» **TRY IT**: Set down, exactly as written, the lines from the line holding "在金寨鎮(zhèn)譚家院社" to the end of the data, inclusive, skipping any pictures.

» **DATA SECTION**:
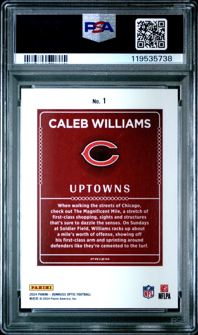 You are purchasing a 2024 Panini Donruss Optic Uptowns Caleb Williams PSA 10. You will receive the exact item in the photographs. Thank you for looking.
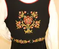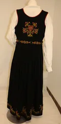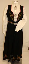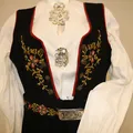 Nedre Buskerud Bunad, skjorte, belte med sølvspenne, 3 søljer, et par manjettknapper. Lengde 137cm, liv ca 85 cm. Hull foran på skjørtet, sydd for hånd. Hull foran på skjorten. Kontakt Lånekontoret for frakt.
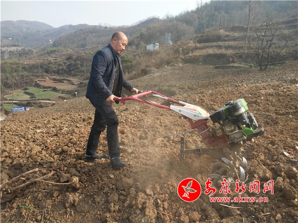 在金寨鎮(zhèn)譚家院社區(qū)六組,45歲的煙農(nóng)朱章斌正在煙田熟練操縱著旋耕機(jī),他趁著最近晴好天氣,啟動春耕整地工作。
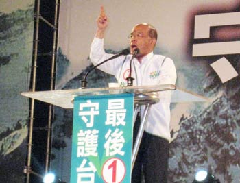民進黨“副總統”候選人蘇貞昌20日在高雄市“最后一席、守護臺灣”造勢晚會批評對手陣營的主張。

» **TASK RESPONSE**:
 在金寨鎮(zhèn)譚家院社區(qū)六組,45歲的煙農(nóng)朱章斌正在煙田熟練操縱著旋耕機(jī),他趁著最近晴好天氣,啟動春耕整地工作。
民進黨“副總統”候選人蘇貞昌20日在高雄市“最后一席、守護臺灣”造勢晚會批評對手陣營的主張。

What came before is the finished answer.